In 2015, Goldman Sachs Asset Management introduced its “ActiveBeta” ETFs, the US large and small cap and international versions I show in the table above.  These are multi-factor stock portfoliosvalue, quality, momentum and low-volatility.  Unlike the multi-factor approaches used by AQR and BlackRock, Goldman’s methodology does not integrate the factors.  It first sorts companies on each single factor independently and then mixes these portfolios together in equal parts (25% each) into the overall “ActiveBeta” portfolio.  This can miss out on important interaction effects (a stock that is not the cheapest or the highest quality (most profitable), but is the cheapest relative to its level of profitability).

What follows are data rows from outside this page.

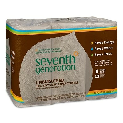 Natural, unbleached paper towels absorb spills quickly, even when wet, and helps you lessen your impact on the planet. High percentage of recycled content helps reduce the need for virgin wood pulp, which means more trees are left standing. Natural unbleached design with no dyes, inks or fragrances saves more natural resources compared to virgin or whitened recycled products by eliminating the whitening process, which saves water and energy. Unbleached pulp paper is made with a chlorine-free process and high percentage of post-consumer recycled content, and its unique color visually cues care for the environment in a way white paper cannot. The two-ply paper towels come in rolls that fit standard household, kitchen roll dispensers.
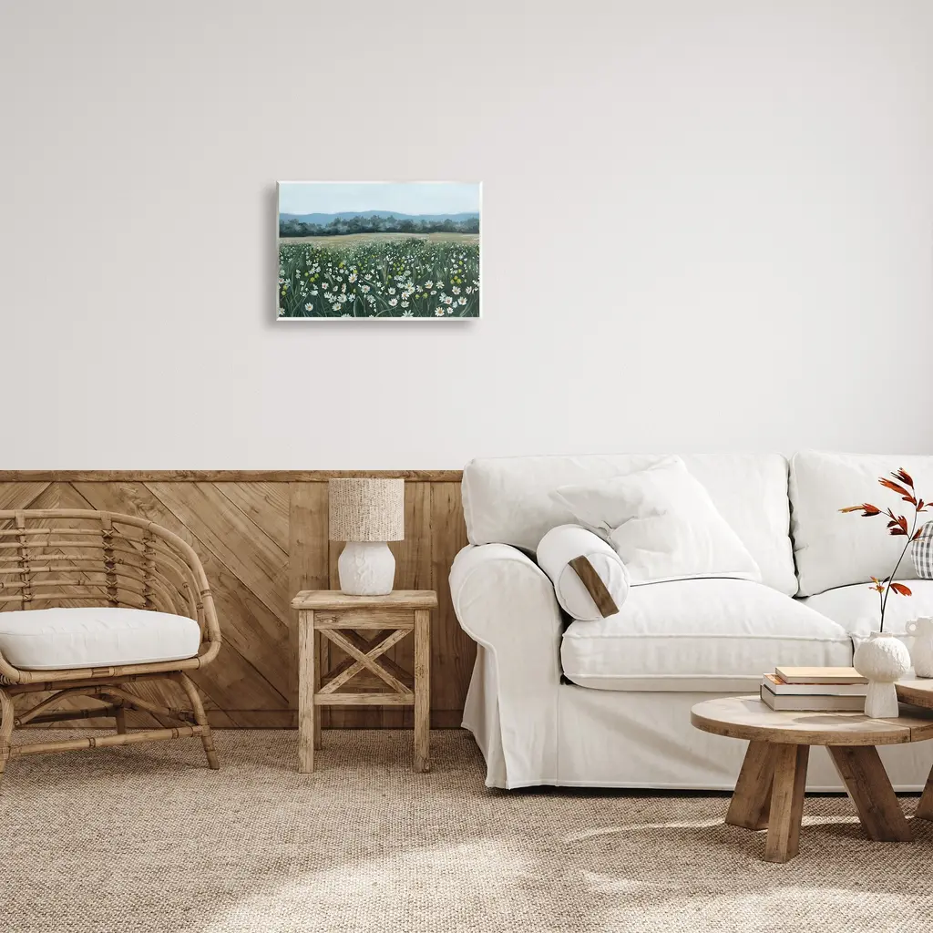 Our wall plaques start as high-quality lithograph prints mounted on durable 0.5-inch thick MDF wood. Each piece is hand finished and comes with a fresh layer of white foil on the sides to give it a crisp, clean look. Plaques arrive ready to hang without installation and come with removable plastic corners to keep them from damage in transit. Stupell Wall Art is made in the USA.Features: Dimensions: 15 x 0.5 x 10 InchesWall Plaque Product Sizes Include 15"x10" and 19"x13". All wall plaque products have a 0.5" Depth. Wall Art is Ready to Hang with Hardware Free Hanging. No installation required. For Easy Set Up Lean or Layer Artwork on Shelf or Against Wall.All of our wall plaques start off as high quality lithograph prints that are then mounted on durable 0.5 inch thick MDF wood. Each piece is hand finished and comes with a fresh layer of foil on the sides to give it a crisp clean look. Made In USA.Artwork Relates To: Painting, Daisy, Flower, Plant, Field, Grassland, Nature, Countryside, Meadow, Rural, Grass, Landscape, SceneryDesign by Grace Popp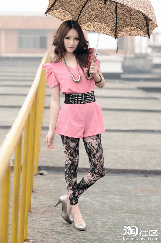 PS:春夏搭配:豹纹伞+桃红连体裤+大花丝袜+铆钉腰带+炫高跟鞋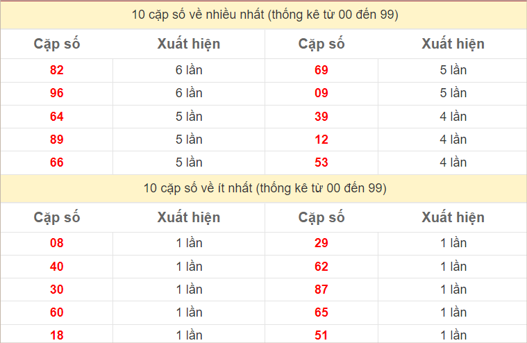 Các cặp số nóng nhất hôm nay: 59 – 95 – 43 – 72 – 86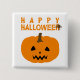 A Halloween button with a pumpkin and a 'Happy Halloween' text on white. Customize the white background among other options.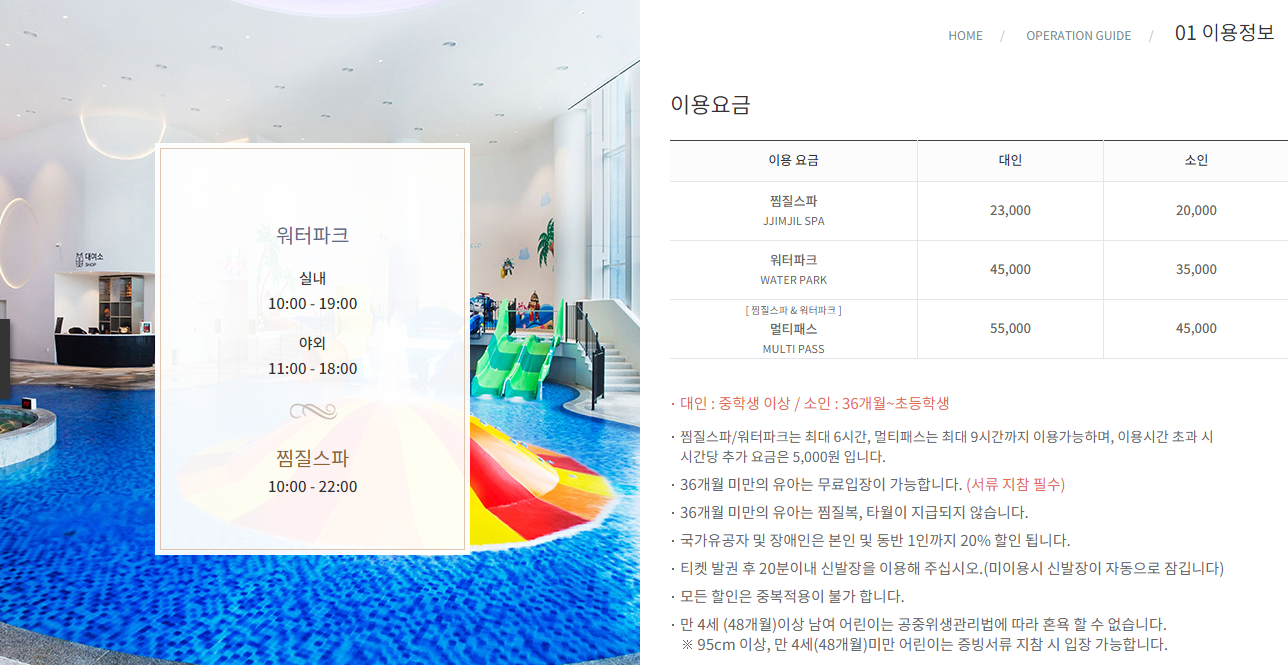 안성 아쿠아필드는 찜질방과 워터파크가 같이 있지만 각각만 이용하는 것이 가능합니다. 저는 아직 워터파크는 이용해보지 못했는데 찜질방이 규모가 워낙 크고 키즈 놀이터 등 아이들이 좋아할만한 시설들이 잘 갖춰져 있어서 찜질방만 이용해도 충분했었습니다. 이용 시간 및 요금은 아래를 참고하세요. 36개월 미만은 무료 입장 가능합니다.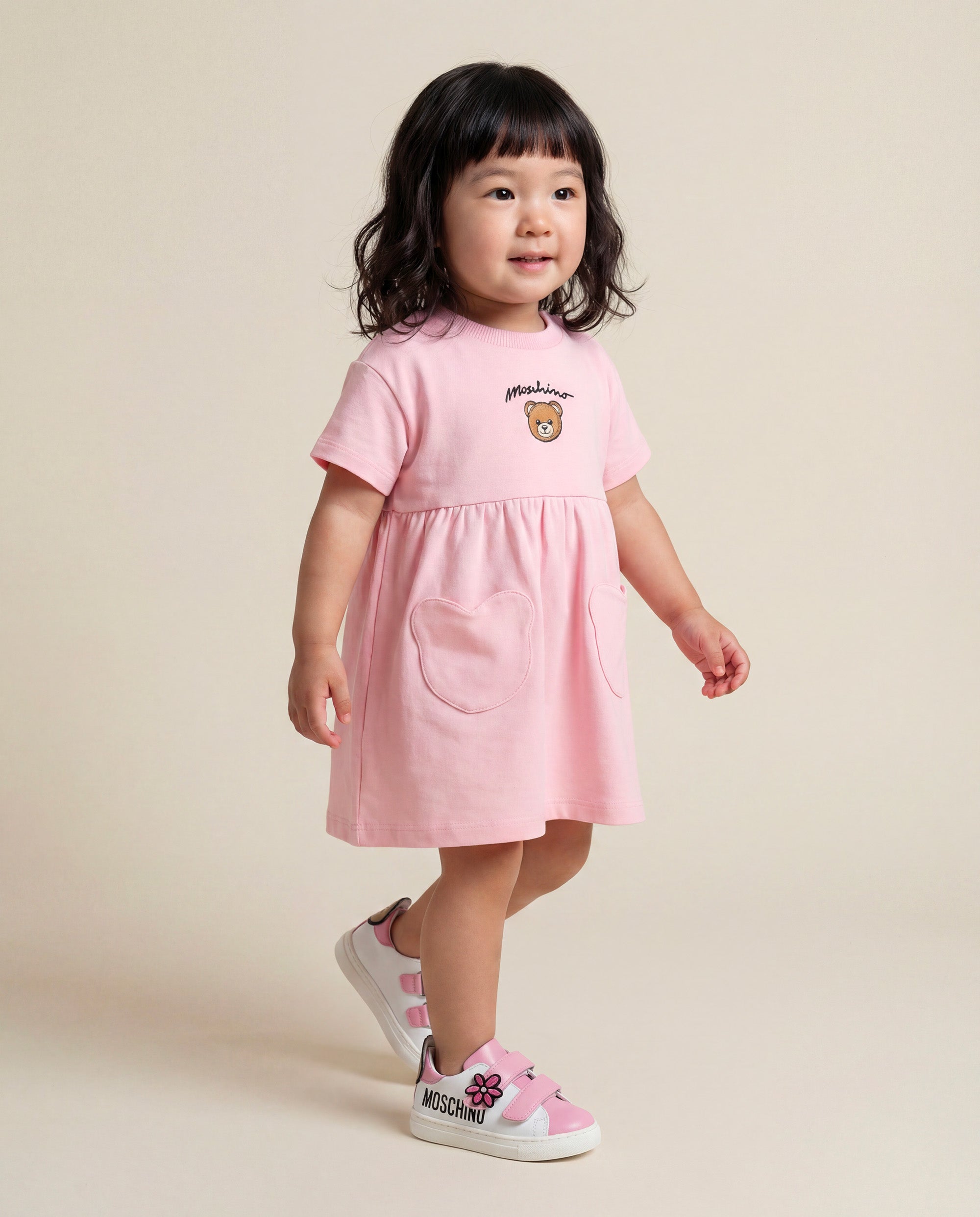 Abito Moschino Kids in vivace tonalità rosa, impreziosito dall’iconica stampa Teddy Bear con logo frontale a contrasto. Un capo dal carattere deciso e contemporaneo, pensato per dare energia e stile ai look delle più piccole.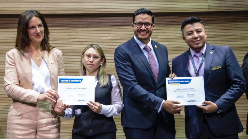 Durante la ceremonia también se anunció la continuidad del Programa “Ecuador Habla Inglés” bajo una modalidad híbrida, que permitirá fortalecer las habilidades lingüísticas y la aplicación práctica del idioma en contextos educativos específicos, asegurando una formación integral y adaptada a las nuevas exigencias pedagógicas. Esta modalidad mixta busca optimizar el tiempo y los recursos de los docentes, brindándoles herramientas más efectivas para su actualización profesional.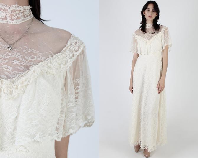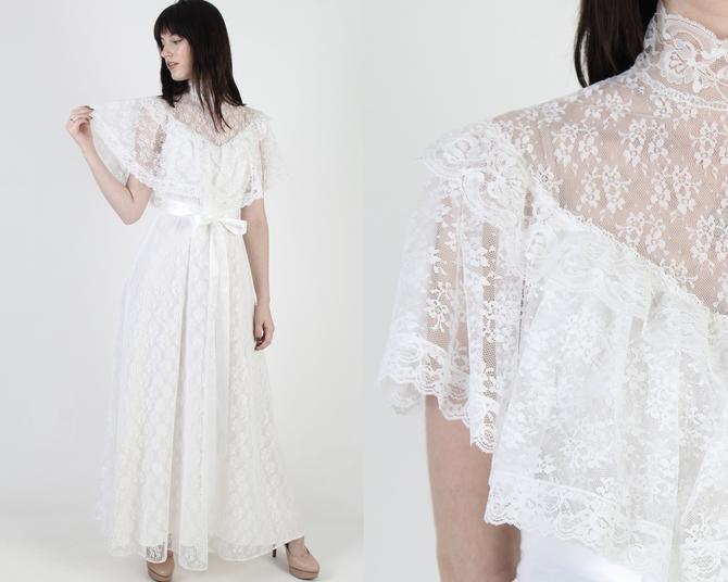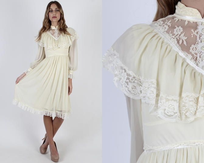 Absolutely Beautiful 60s dress. Vintage womens 70s lace boho prairie wedding dress size 8 10.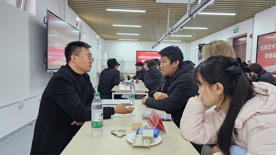 企业宣讲环节是本次活动的核心亮点,五家参会企业结合自身业务特色与行业发展趋势,为学子带来干货满满的分享。北京三匠建筑工程设计有限公司联合创始人张浪从建筑设计行业现状、核心业务布局出发,详细解读环境艺术设计岗位的能力要求与职业成长路径,并用实际项目案例直观呈现行业实践标准;北京聚点科技有限公司招聘经理刘佳在宣讲中以数字媒体行业发展新趋势为切入点,深度解析了聚点科技文化创意与内容制作领域的核心布局与人才需求,针对学生关切的职业发展问题,刘佳经理明确了企业完善的薪资福利体系与清晰的晋升路径。视频剪辑、编导等创作类岗位可进阶为创意总监、内容负责人,达人运营岗位可发展为账号负责人、运营总监,同时企业定期组织行业前沿技术培训、跨项目实践交流等成长支持,助力学子快速实现从校园到职场的平稳过渡;北京檐睿设计工作室、北京一墨一设计咨询事务所及北京予舍方元家具科技有限责任公司代表则分别围绕室内设计、景观规划、家具设计等细分领域,分享了行业前沿理念与企业人才培养体系,引发学子广泛关注。宣讲结束后,企业嘉宾在双选会答疑区,为学子预留专属咨询时间。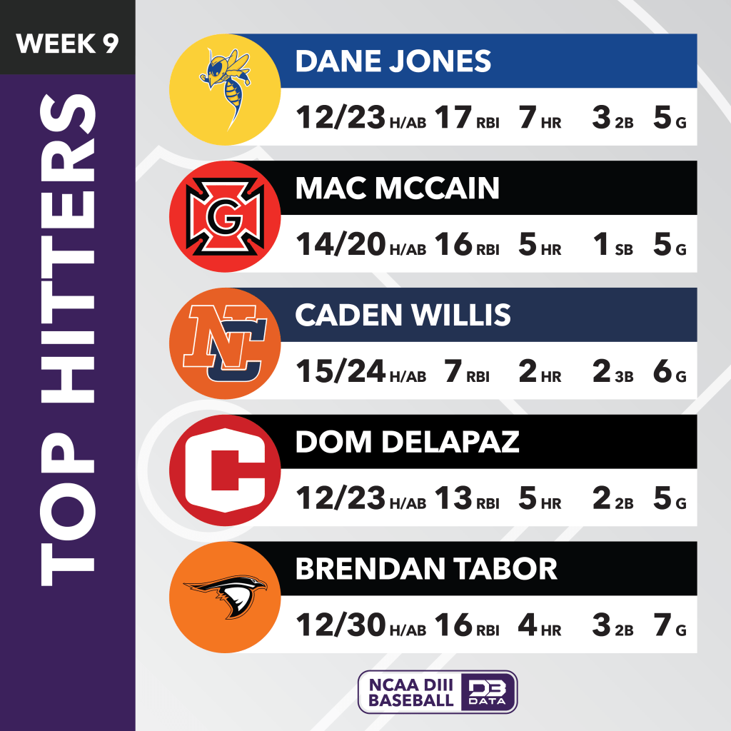 The top players across all of DIII Baseball in week 9 (April 7-13) of the 2025 season.

QS Investors is an independent firm under the larger Legg Mason umbrella.  Similar to the ideas I’ve conveyed here, QS offers strategies that draw important ideas from both quantitative and behavioral finance.  It also implements portfolios based on the intersection of value and fundamental factors (cash flow generation and growth, which together relate very strongly to the profitability concept I’ve described).  And it combines this with a sentiment factor, which it measures in a number of ways.  QS distinguishes itself by varying the emphasis it places on either the value or fundamental factors based on the current market environment in terms of sentiment.  It gives greater weight to those factors that on average have performed better in sentiment environments (positive or negative, i.e. greed or fear) most closely approximating the environment then prevailing.